Raymond Henry "Sandy" Adsett  (born 27 August 1939) is a New Zealand visual artist and educator. He is acknowledged for championing the art of kōwhaiwhai painting, creating a context for the artform within the development of contemporary Māori art. 

In 2020 Adsett was honoured by the Arts Foundation of New Zealand with an Icon Whakamana Hiranga award "for his profound impact on the Māori community and Māori arts education system within Aotearoa."

Biography 
Adsett was born in Raupunga near Wairoa on 27 August 1939. Of Māori descent, he affiliates to Ngāti Kahungunu and Ngāti Pāhauwera. He attended Te Aute College in Hawkes Bay. His interest in art first began on his family farm as a way to fill in time and grew from there.

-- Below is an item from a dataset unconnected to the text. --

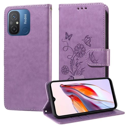 Funda de Cuero con Diseño de Mariposas y Flores En Relieve para Xiaomi Poco C55/Redmi 11A 4G (Morado)
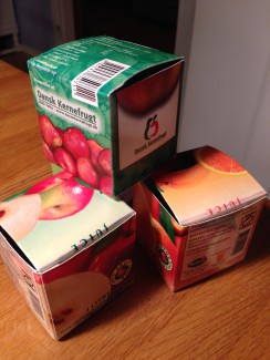 Mine piger er kommer hjem med flere fine julekurve af juice- og mælkekartoner her er bare to af dem.

He received his first formal art training at Ardmore Teachers' College in Auckland. He completed his third year of teachers' college in Dunedin. While at Ardmore, he began travelling to regional schools to introduce Māori arts into the school syllabus. This was a focus of his work that would continue throughout his life. He was one of a group of teachers that started this work in the 1960s. 

In 1961, Adsett became an arts specialist for the Department of Education's Advisory Service, within a programme established by educational leader Gordon Tovey. Adsett has cited the mentorship of the Ngāti Porou master carver Pine Taiapa as the most significant influence on his life as an artist and educator. Adsett's role in the department was helping introduce the new Māori Arts in Schools programme. 

In 1991, Adsett became a principal tutor at Tairawhiti Polytechnic in Gisborne, working in the Toihoukura School of Māori Visual Arts. He took over from Ivan Ehau, the founder of the school, who had died that year. Adsett was involved in formatting a wānanga arts direction for the progamme.

In 2002, Adsett returned to Hawke's Bay, where he set up the Toimairangi School of Māori Visual Culture within Te Wānanga o Aotearoa in Hastings. He continues to work there as an adjunct professor.

Outside of his work in the education sector, Adsett's own artwork has been included in major art exhibitions. This includes: "Headlands" (1992) in Sydney, Australia; "Te Waka Toi" (1992-1994), which toured the United States; and "Toi tū Toi Ora" at Auckland Art Gallery.

Honours and awards
In the 2005 New Year Honours, Adsett was appointed a Member of the New Zealand Order of Merit, for services to art. In 2014, Adsett was conferred an honorary doctorate by Massey University, and he received Te Tohu o Te Papa Tongarewa Rongomaraeroa award in the 2018 Te Waka Toi Awards.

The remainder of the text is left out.